Do some digging into local spots, and choose a street that consistently offers up sartorial surprises. It could be an iconic spot like Fifth Avenue, or it could be a lesser-known treasure in an overlooked neighborhood. Get to know the people there, and you’ll blend into the scene.

Be fearless

Especially during fashion weeks, people want to be seen and photographed. Many will start to pose as soon as they see you, but don’t feel shy about approaching strangers either. Explain what you love about their look, and ask if you can take a few pictures. Once they agree, feel free to direct them a bit. If there are too many people or other distractions in your shot, for example, guide your subject over to a wall for a cleaner background. Or ask them to move into a patch of even light or shade. Be confident and demonstrate that you know what you’re doing.

Look for gestures

While people tend to pose when they see a camera, the street is also the perfect place to capture candid moments and expressions. Sometimes, even if the clothes are quite simple, it can be a person’s posture, the swagger in their step, or even the way they hold a purse that steals the show. Pay attention to how people carry themselves, and think of ways to capture that essence. While it can sometimes help to ask permission, you don’t have to if it would come at the expense of losing the moment.

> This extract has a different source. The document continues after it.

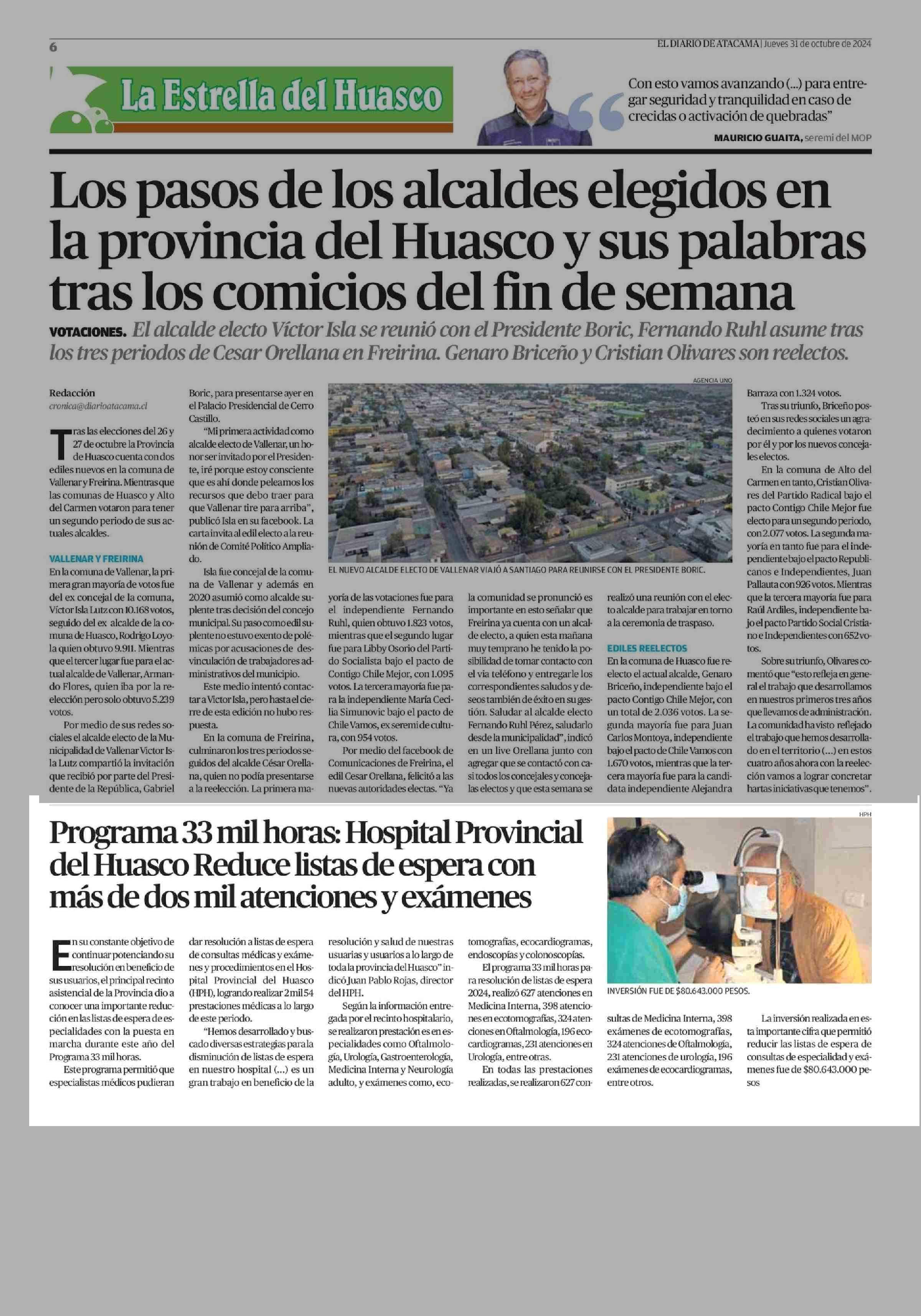 33 mil horas: Hospital Provincial del Huasco Reduce listas de espera con más de dos mil atenciones y exámenes 31-10-2024 El Diario de Atacama |

Know the key players, but look for surprises too

Do your research, and follow designers, models, and editors you admire. Consider planning your day around where they’ll be. Photographers will be rushing to catch a glimpse of these people, so a little advance preparation often pays off.

Of course, you don’t have to be chasing celebrities all day; you can also familiarize yourself with local or under-the-radar style icons and innovators who haven’t yet hit the mainstream. Sometimes, when everyone’s crowding around trying to photograph the big stars, they miss out on someone else who’s just as interesting: an aspiring makeup artist, a fashion student, an assistant, etc.

Bring a fast lens

Prime lenses like the 85mm are popular among street-style photographers because they have a larger maximum aperture. That means you can open up your lens wide enough to blur your background and create that nice bokeh effect for separation.

Introduce yourself

Keep some business cards on hand in case you meet someone interesting who wants to collaborate with you on a future shoot. Get your name out there. Connect with other photographers you see out and about at fashion week; these people might be your colleagues for years to come. When networking, always be respectful, and avoid taking up too much of their time. Many of the people you’ll encounter during fashion week are busy and on the clock.

Mind the details

Sometimes, it’s the tiniest things that make or break a photo: the way someone’s rolled their sleeves, the cascade of their hair, an eye-catching accessory, or a tattoo that helps tell someone’s story. The best stories can be found in the smallest details, so keep your eyes peeled.

Keep it simple

One last lesson from Bill Cunningham, the godfather of street style: for much of his career, he used a manual Nikon FM2, before ultimately transitioning to the Nikon D40x. For him, shooting great photos wasn’t about having the latest gear; it was about finding the right people. For that reason, the best camera is the one you have with you.

Bring a camera you’ll feel comfortable lugging around all day. Sylvia Plachy, who covered New York culture for The Village Voice from 1974 to 2004, once said she takes her best pictures when she’s on the way to or coming from a job. Fashion week or not, you never know who you’ll encounter, so stay prepared.